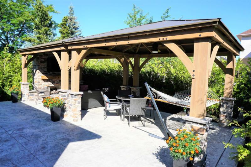The wood gazebo with aluminum roof adds character to any area creating the perfect setting for all your outdoor entertainment needs.
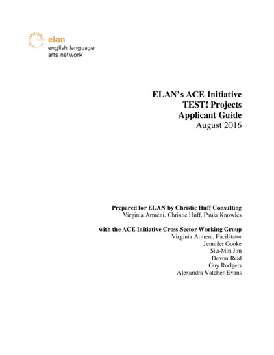 Armeni, Virginia, Christie Huff, Paula Knowles, and English Language Arts Network (ELAN). “ELAN’s ACE Initiative TEST! Projects Applicant Guide,” August 2016.
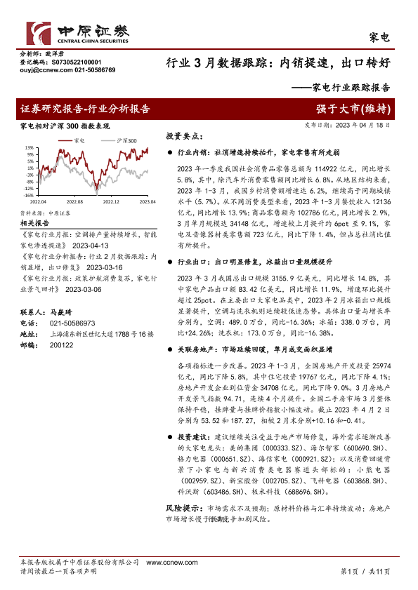 【中原证券】【20230418】家电行业跟踪报告:行业3月数据跟踪:内销提速,出口转好-11页
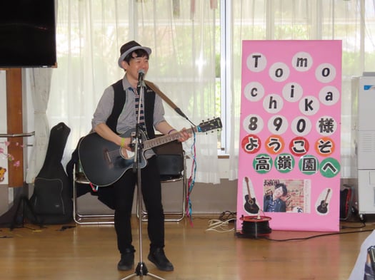 ともちか890(やっくん)さんは、東日本大震災の被災地のライブを経て、全国47都道府県の福祉施設、学校、幼稚園などを訪れて、笑顔ライブを開催してます。

+-------+

* _Action item_
All the lines above are to be reproduced exactly, except the pictures.

* _Expected answer_
The wood gazebo with aluminum roof adds character to any area creating the perfect setting for all your outdoor entertainment needs.
 Armeni, Virginia, Christie Huff, Paula Knowles, and English Language Arts Network (ELAN). “ELAN’s ACE Initiative TEST! Projects Applicant Guide,” August 2016.
 【中原证券】【20230418】家电行业跟踪报告:行业3月数据跟踪:内销提速,出口转好-11页
 ともちか890(やっくん)さんは、東日本大震災の被災地のライブを経て、全国47都道府県の福祉施設、学校、幼稚園などを訪れて、笑顔ライブを開催してます。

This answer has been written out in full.